Fire, Water, and Wood: 2024 Gould Lecture

Back to Geography News and Updates

“Reflections on Rivers: Some Reminiscences and Results from Forty Years of River Research” is the title of a talk given by Jacob Bendix, professor of geography and the environment, Maxwell School of Citizenship and Public Affairs at Syracuse University, for 2024’s Gould Lecture. Professor Bendix summarized the talk as an attempt to illustrate some of the complex ways in which rivers interact with their surrounding environment. 

Professor Bendix took a narrative approach, following the development of some of his own thinking and specific examples focus on rivers, riparian vegetation, and wildfire in California. Starting from his academic history in fluvial geomorphology, geomorphology, and his interest in the interaction between vegetation and landforms, Professor Bendix talked about an early project to try to determine if summer storms affected erosion along a streambank. Talking with locals, he learned that the stream was intentionally plowed out to deliver more rain downstream. A fuller picture emerged, and it was both these factors that could have caused the extra erosion.

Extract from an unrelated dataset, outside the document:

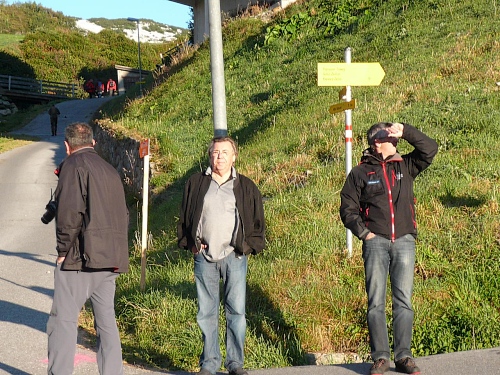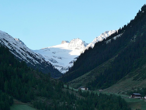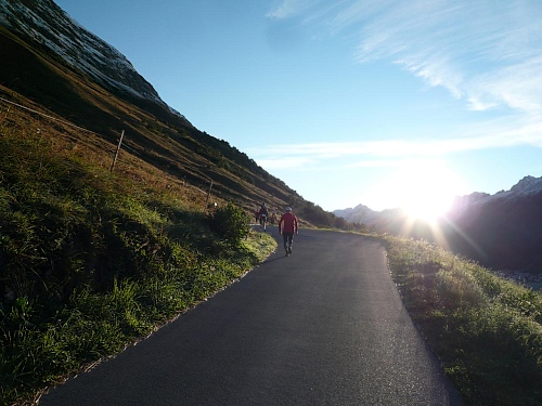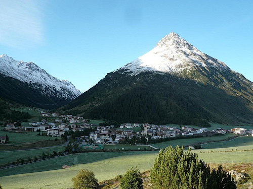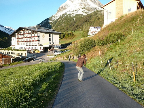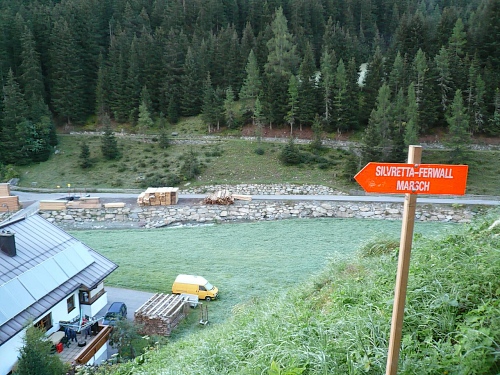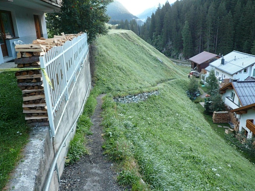 Die Almwiesen sind gescheit angereift, doch oberhalb, wo unser Kurs wieder Richtung Osten führt, läuft die Spitze bereits in der Sonne. Nach links sehe ich die 2558 Meter hohe Gorfenspitze und vor mir die 2671 Meter hohe Ballunspitze, die Hausberge Galtürs. An der Ballunspitze läuft im Winter der Skizirkus auf Hochtouren. Im Sommer nimmt die Birkhahnbahn dem Wanderer einige Höhenmeter bequem auf seiner Wanderung ab. Auf der Höhe des Ortsteils Wirl (1650 Meter) nimmt die Steigung kurzzeitig zu, bevor wir nach rechts abbiegen. Die Marschierer ziehen ansteigend gerade weiter.

A recurring point is understanding the rivers and then trying to see how that environment and associated vegetation are affected by fire and how frequently, as different vegetation affects the soils differently, in direct and indirect ways. For example, fire burns chaparral directly but then the chaparral secretes a hydrophobic layer in the subsurface when burned. This hydrophobic layer prevents the soils from absorbing heavy rains and leads to more landslides, which lead in turn to the growth of different types of vegetation.   

In another study, where the riparian vegetation burned approximately every 75 years, Professor Bendix observed that most species resprouted except the dominant species, leading to compositional change of the vegetation around the river. Surprisingly, distance from the stream seemed irrelevant and led to the conclusion that fire homogenizes the vegetation around the river. The study was periodic and could not contain the entire lifecycle of all the vegetation and changes of the drainage basin and the climate. Time must therefore be considered in a study — the duration to achieve various levels of vegetation growth and the timing of observations relative to growth and fire (re-)occurrence.

To paraphrase Professor Bendix, it is the interactions of many things in the cycle that cause the changes we can only see in brief flashes of time.

Professor Bendix earned degrees in geography from the universities of California–Berkeley, Wisconsin–Madison, and Georgia, with employment in between as a bookseller, house painter, and wildland firefighter, before teaching two years at Georgia and 29
years at Syracuse University. His research interests focus on the often overlapping realms of fluvial geomorphology, riparian ecology, and pyrogeography.